The Raising vs. Gone Girl

I meant to write about Laura Kasischke's The Raising right after I read it, but then didn't. I was probably busy working on my 31 21 Trips in California series

Then, for the recent "Phenomenally Indecisive Book Club" pick over at Jules' blog, I rushed out and bought a copy of Gone Girl, the hot, bestselling "It" thriller of this year.  Like many of the books that have been chosen in that online book club, it wasn't at all the sort of material I'd usually choose. (And that's a good thing; good to be lured out of  my little box.) Reading Gone Girl made me feel sort of hip and even self-consciously on-trend.  Like when I'm out in public, wearing a scarf, sipping a Starbucks, and tapping out a text message on my phone: In the back of my head, I'm thinking, "holy shit, look at me! I am SO MODERN." (Not.)

Anyway. I thought Gone Girl was a fun, fast-paced read. Fun if you like spending your time with a couple of narcissistic sociopaths, and trying to puzzle out the who/what/how of their crimes against one another.  And the movie version will probably make a lot of money at the box office in a year or two. 
It also reminded me of how much I liked The Raising, and how the The Raising is so much the better book. Not least because of Kasischke's talent as a writer.  I've read most, not all, of Kasischke's books, the first being her terrific debut novel, Suspicious River, about a young wife from an abusive childhood who becomes a prostitute while working as a receptionist at a motel. Heavy, violent stuff, but I loved it and loved the writing.

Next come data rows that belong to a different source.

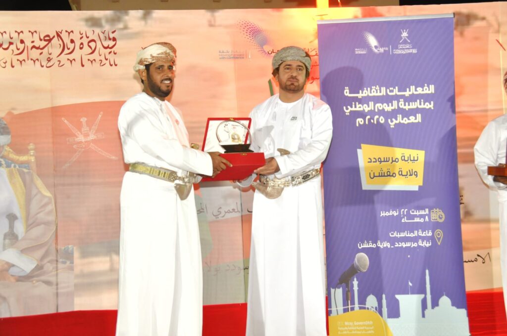 تزامناً مع احتفالات البلاد باليوم الوطني لسلطنة عمان أقيمت مساء يوم السبت 22 نوفمبر ٢٠٢٥م بناية مرسودد بولاية مقشن أمسية ثقافية وشعرية تحت رعاية سعادة الشيخ هلال بن علي المعمري والي مقشن بحضور عدد من المسؤولين والشيوخ والمواطنين وذلك امام قاعة المناسبات بالنيابة. في بداية الحفل القى سهيل بن سعيد سالم غصنه مسن نائب والي مقشن بنيابة مرسودد كلمه رحب فيها بالحضور وتحدث عن اليوم الوطني ليس يوم عابر بل يوم تجدد فيه المشاعر بالفخر والولاء لمسيرة وطن سجل عبر تاريخه منذ 281 عام منجزات شامخه ونهضه راسخه وارثا تفتخر به الاجيال عبر مسيرة سلاطين عظماء ويواصل مسيرتها المباركه حضرة صاحب الجلاله السلطان هيثم بن طارق المعظم حفظه الله برؤيه طموحه امتداد لعمق الحضارة العمانية العريقة وحاضر مزدهر ومستقبل مشرق يمضي بثبات نحو الرفعة والتقدم ..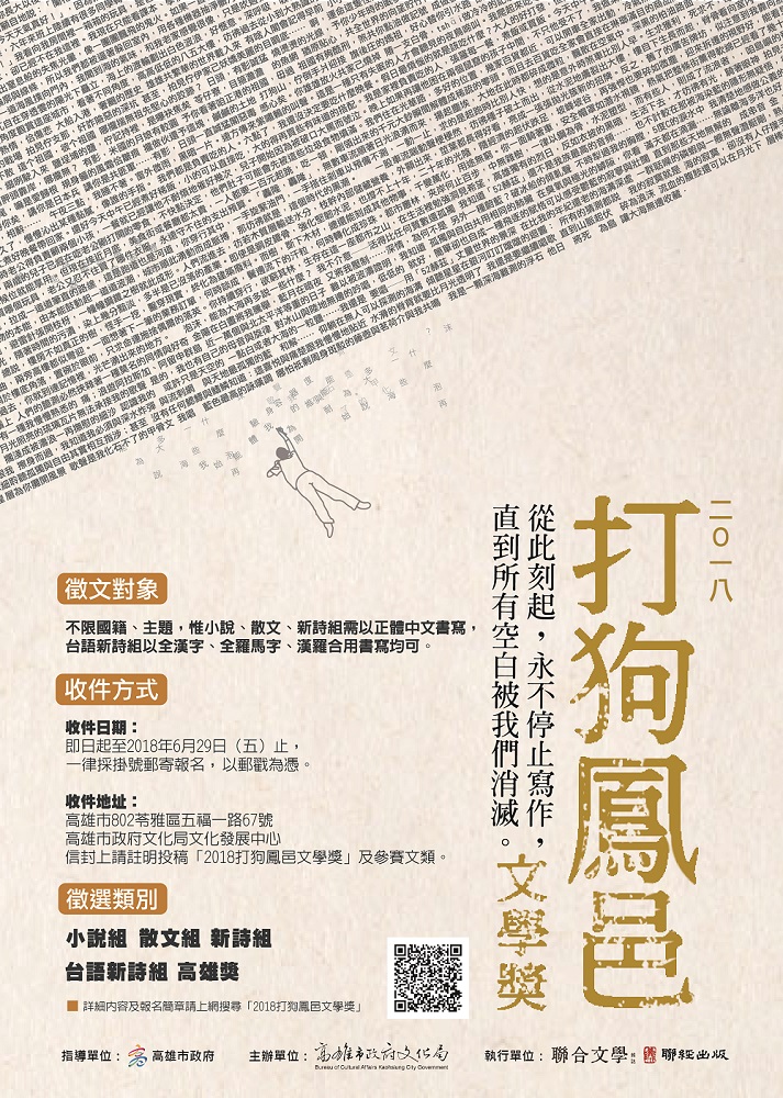 | 2018/05/07 轉知:「2018打狗鳳邑文學獎」徵文簡章暨報名表 |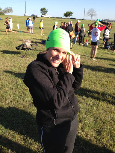 Here’s another fun fact about triathlon: In addition to writing your age (rounded up) on your calf, they give you a swim cap color-coded by age group. I suppose this is some form of safety measure, but I secretly suspect it’s a tool for humiliating the less-than-competent swimmers. You can actually count how many age groups you get lapped by.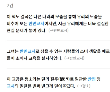 "그녀는 반면교사로 삼을 수 있는 사람들의 소비 생활을 예로 들었다."라는 문장에서처럼, 실제 사례를 통해 잘못된 행동을 개선하려는 의도가 반면교사의 핵심입니다.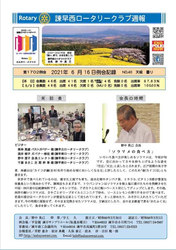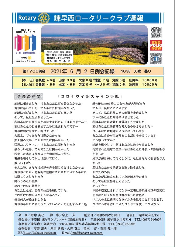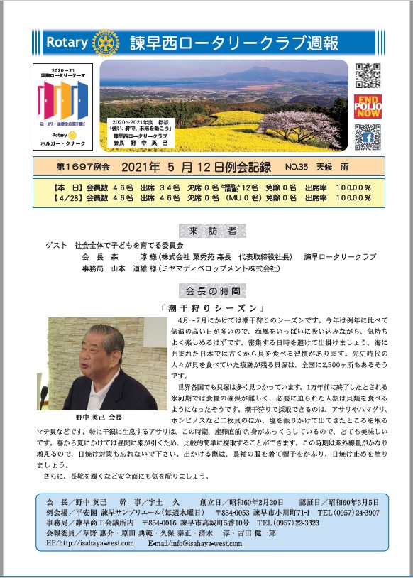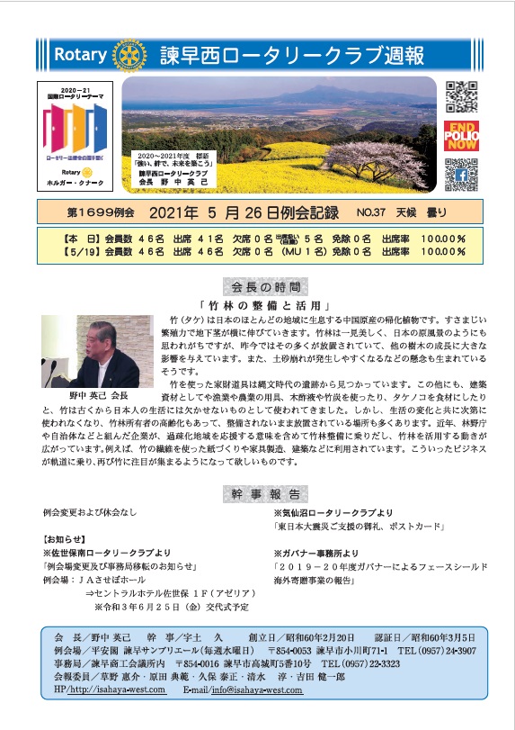 2021-2022年度 毎熊正太郎 会長 5月18日 5月25日 6月8日 1739 4月13日 4月20日 4月27日 5月11日 3月16日 3月23日 3月30日 4月6日 12月22日 1月12日 1月19日 3月9日 11月24日 12月1日 12月8日 12月15日 10月20日 10月27日 11月10日 11月17日 9月22日 9月29日 10月6日 10月13日 8月4日 8月11日 8月18日 9月15日 7月7日 7月14日 7月21日 7月28日 2020-2021年度 野中英巳 会長 5月26日 6月2日 6月9日 6月16日 4月21日 4月28日 5月12日 5月19日 3月24日 3月31日 4月7日 4月14日 2月17日 2月24日 3月3日 3月10日 12月23日 1月13日 1月20日 2月10日 11月25日 12月2日 12月9日 12月16日 10月28日 11月4日 11月11日 11月18日 9月30日 10月7日 10月14日 10月21日 9月2日 9月9日 9月16日 9月23日 7月1日 7月8日 7月15日 7月22日 2019-2020年度 木村暢義・久保泰正 会長 6月3日 6月10日 6月17日 6月24日 2月26日 3月4日 3/25 4月1日 1月29日 2月5日 2月12日 2月19日 12月25日 1月8日 1月15日 1月22日 11月27日 12月4日 12月11日 12月18日 10月9日 10月23日 10月30日 11月6日 9月11日 9月18日 9月25日 10月2日 8月7日 8月21日 8月28日 9月4日 7月3日 7月10日 7月24日 7月31日 2018-2019年度 草野惠介 会長 6月12日 6月19日 6月26日 5月15日 5月22日 5月29日 6月5日 4月10日 4月17日 4月24日 5月8日 3月6日 3月13日 3月27日 4月3日 2月6日 2月13日 2月20日 2月27日 1月9日 1月16日 1月23日 1月30日 12月5日 12月12日 12月19日 12月26日 11月6日 11月14日 11月21日 11月28日 10月3日 10月10日 10月24日 10月31日 9月5日 9月12日 9月19日 9月26日 8月1日 8月8日 8月22日 8月29日 7月4日 7月11日 7月18日 7月25日 2017-2018年度 塚原浩三 会長 6月27日 5月30日 6月6日 6月13日 6月20日 4月25日 5月9日 5月16日 5月23日 3月28日 4月4日 4月11日 4月18日 2月21日 2月28日 3月7日 3月14日 1月24日 1月31日 2月7日 2月14日 12月13日 12月20日 12月27日 1月17日 11月8日 11月15日 11月22日 12月6日 10月11日 10月18日 10月25日 11月1日 9月13日 9月20日 9月27日 10月4日 8月2日 8月9日 8月23日 9月6日 7月5日 7月12日 7月19日 7月26日 FacebooktwitterHatenaPocketCopy

Kasischke is also an award-winning poet, and that shows in her prose, with its crystalline metaphors and evocative descriptions. (Sometimes the poetry is to the works detriment and becomes too heavy-handed and symbolic, as in her good but flawed second novel, White Bird in a Blizzard.)

The Raising also features at its center a "gone girl," a beautiful young college student and sorority sister who's been killed in violent accident, in a car driven by her boyfriend. Or is she really dead? Her grief-stricken boyfriend and others on campus seem to believe otherwise.  In fact, they're pretty adamant that they've seen her ghost.
From the back cover:
Last year Godwin Honors Hall was draped in black. The university was mourning the loss of one of its own: Nicole Werner, a blond, beautiful, straight-A sorority sister tragically killed in a car accident that left her boyfriend, who was driving, remarkably—some say suspiciously—unscathed.
Although a year has passed, as winter begins and the nights darken, obsession with Nicole and her death reignites: She was so pretty. So sweet-tempered. So innocent. Too young to die.
Unless she didn’t.
Because rumor has it that she’s back.
For me, The Raising was way, way more of an intense page-turner. It kept me up late, reading well past midnight. And something about the tension and paranoia of its ghost story actually made me feel a little spooked when I walked around my darkened house, while everyone else was asleep.

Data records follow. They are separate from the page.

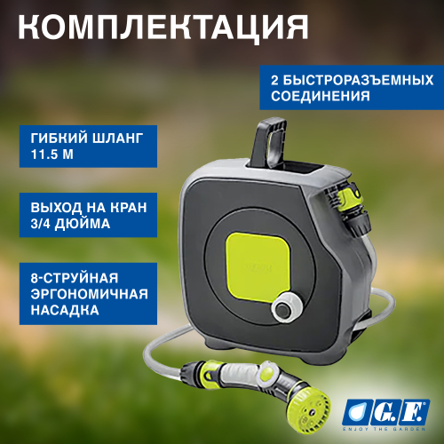 • 11,5 м гибким плетеным шлангом (10 м внутренний втягивающийся + 1,5 м внешний)
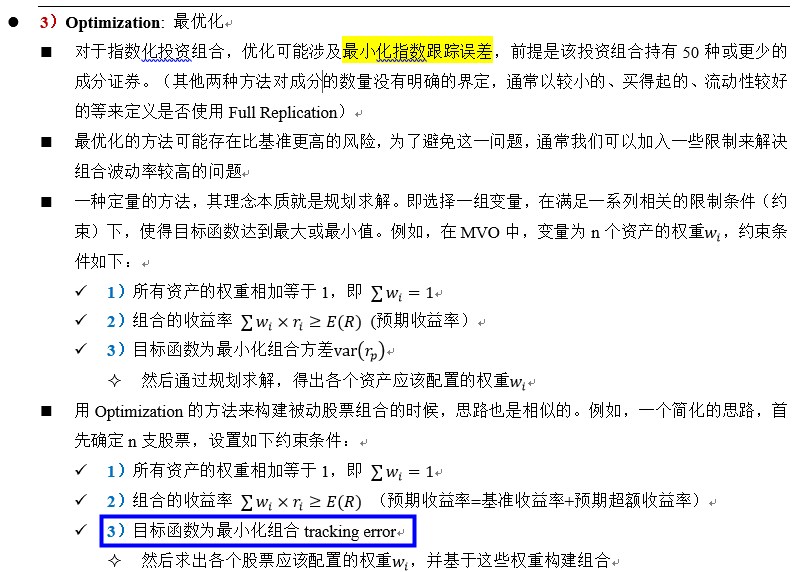 同学,上午好。optimization是会事先设置好限制,要求组合的tracking error最小,然后让计算器给出能达到最小tracking error时的组合权重。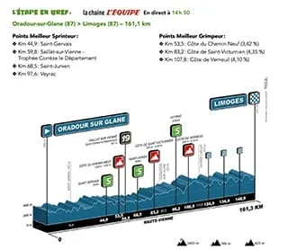 Après être partis de la Communauté de Communes Portes Océane du Limousin, les coureurs traverseront la cité gantière, Saint-Junien, et Rochechouart puis iront se disputer les trois sprints du jour à Saint-Gervais, repasseront par Saint-Junien et Veyrac. Le Sprint Trophée Corrèze le Département sera décerné à Saillat-sur- Vienne, au kilomètre 59,8.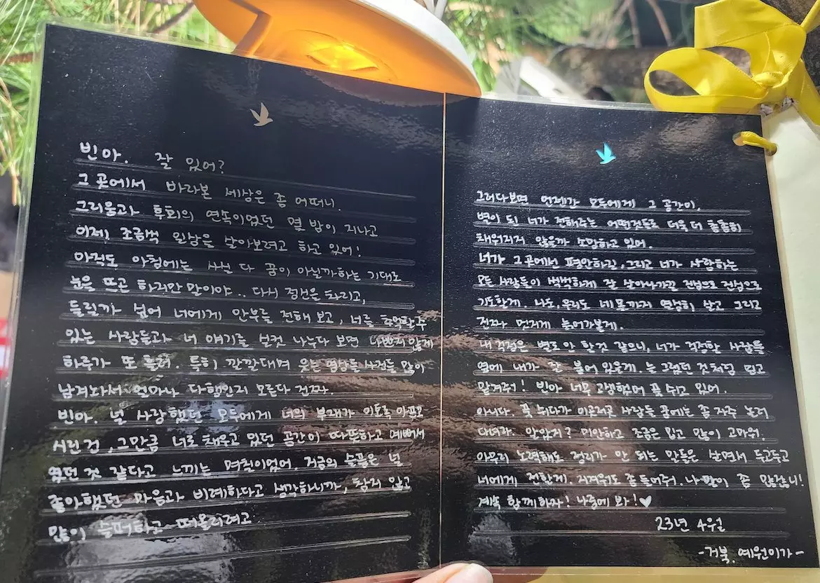 此外,與文彬為「98Line」好友的VIVIZ成員Umji(嚴智),在粉絲們設立的悼念區也寫下親筆信給文彬,「度過了幾個充滿思念和後悔的夜晚,現在準備一點點回到日常!雖然每天早上仍抱着是一場夢的期待睜開眼⋯⋯我們留下了很多充滿歡笑的影片和照片,真的很慶幸。」她又提到:「希望你在那邊平安,真心祈禱你所愛的每個人都能勇敢地好好生活。我們會連你的那份一起努力生活,非常帥氣地老去!」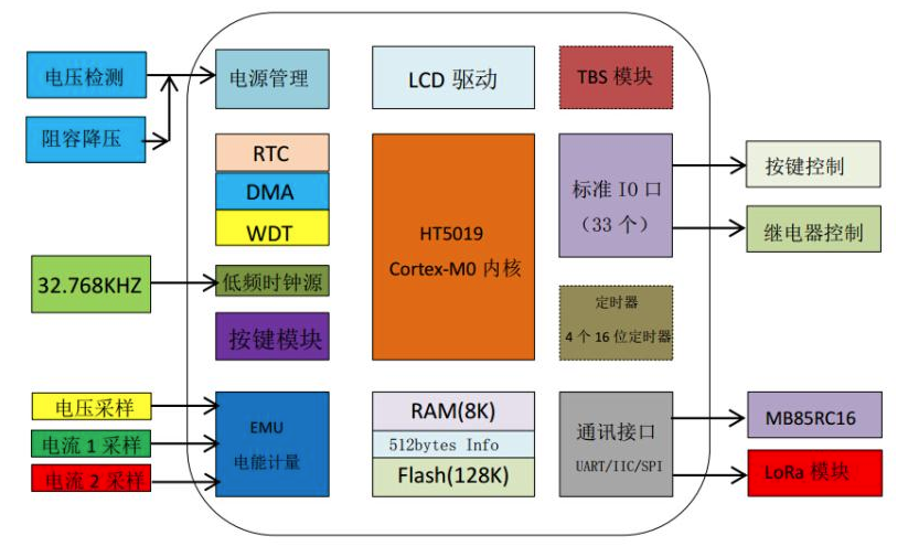1.本方案采用钜泉光电全SOC芯片HT5019进行设计,该芯片集成了电能计量、RTC时钟、LCD驱动等外设模块,非常适用于电能计量插排、出租屋电表、空调用插排等产品上。

I know that a lot of readers were disappointed, even angered, by the way everything wrapped up at the end of Gone Girl.  And that's another valid comparison to make with The Raising...the end is something of a let-down, in the way that everything is suddenly tied together. It makes sense, but as with Gone Girl, if you're hoping for concrete punishments and karma being doled out, it ain't gonna happen.  (And hopefully that's not too much of a spoiler for either book.)

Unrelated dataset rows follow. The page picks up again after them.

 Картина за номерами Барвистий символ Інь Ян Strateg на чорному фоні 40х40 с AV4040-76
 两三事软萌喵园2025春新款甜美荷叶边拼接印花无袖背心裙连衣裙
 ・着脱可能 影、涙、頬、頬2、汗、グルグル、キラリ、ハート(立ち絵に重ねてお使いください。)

Finally --I thought it weird, if not fortuitous, that I found The Raising in the teen/young adult section of my local library.  The book was not marketed as such, I see no reference to that in any reviews, but for some reason (I suppose the college campus setting) my library stuck it over there. Luckily, I stumbled upon it. If you're looking for something a little spooky, that will have you puzzling and trying to guess just what happened, I recommend it highly. And with it's chilly setting on a snowy, picturesque college campus in Michigan, it's perfect for curling up with on these long nights as we head toward winter.